Martijn Bekker scite author profile

ArcBA is a two-component regulatory system of Escherichia coli involved in sensing oxygen availability and the concomitant transcriptional regulation of oxidative and fermentative catabolism. Based on in vitro data, it has been postulated that the redox state of the ubiquinone pool is the determinant for ArcB kinase activity. Here we report on the in vivo regulation of ArcB activation, as determined using a lacZ reporter specifically responsive to phosphorylated ArcA. Our results indicate that upon deletion of a ubiquinone biosynthetic enzyme, regulation of ArcB in the anaerobic-aerobic transition is not affected. In contrast, interference with menaquinone biosynthesis leads to inactivation of ArcB during anaerobic growth; this phenotype is fully rescued by addition of a menaquinone precursor. This clearly demonstrates that the menaquinones play a major role in ArcB activation. ArcB shows a complex pattern of regulation when E. coli is titrated through the entire aerobiosis range; ArcB is activated under anaerobic and subaerobic conditions and is much less active under fully aerobic and microaerobic conditions.
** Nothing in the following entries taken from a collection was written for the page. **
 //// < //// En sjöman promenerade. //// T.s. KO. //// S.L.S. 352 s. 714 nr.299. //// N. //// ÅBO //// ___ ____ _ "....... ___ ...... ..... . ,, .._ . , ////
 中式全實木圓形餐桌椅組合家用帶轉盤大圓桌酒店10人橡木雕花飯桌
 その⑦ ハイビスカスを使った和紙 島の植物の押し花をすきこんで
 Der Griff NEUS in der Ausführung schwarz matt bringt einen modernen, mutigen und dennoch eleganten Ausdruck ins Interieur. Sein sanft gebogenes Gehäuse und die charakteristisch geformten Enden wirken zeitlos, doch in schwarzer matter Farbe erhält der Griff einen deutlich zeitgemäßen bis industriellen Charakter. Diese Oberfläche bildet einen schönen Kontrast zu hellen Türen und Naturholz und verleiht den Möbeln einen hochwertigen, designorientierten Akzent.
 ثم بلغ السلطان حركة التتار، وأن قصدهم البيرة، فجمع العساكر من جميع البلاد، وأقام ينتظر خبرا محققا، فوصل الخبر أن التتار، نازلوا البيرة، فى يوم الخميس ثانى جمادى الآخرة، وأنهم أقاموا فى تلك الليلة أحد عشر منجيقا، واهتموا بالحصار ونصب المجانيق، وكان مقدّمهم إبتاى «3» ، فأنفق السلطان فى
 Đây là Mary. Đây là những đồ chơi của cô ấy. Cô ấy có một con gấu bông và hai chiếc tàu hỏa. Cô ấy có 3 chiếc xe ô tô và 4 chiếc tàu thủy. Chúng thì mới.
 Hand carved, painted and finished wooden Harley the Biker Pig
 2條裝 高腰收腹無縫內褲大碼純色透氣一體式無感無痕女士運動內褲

Furthermore, there is no correlation between ArcB activation and the redox state of the ubiquinone pool, but there is a restricted correlation between the total cellular ubiquinone content and ArcB activity due to the considerable increase in the size of the ubiquinone pool with increasing degrees of aerobiosis. These results lead to the working hypothesis that the in vivo activity of ArcB in E. coli is modulated by the redox state of the menaquinone pool and that the ubiquinone/ubiquinol ratio in vivo surely is not the only determinant of ArcB activity.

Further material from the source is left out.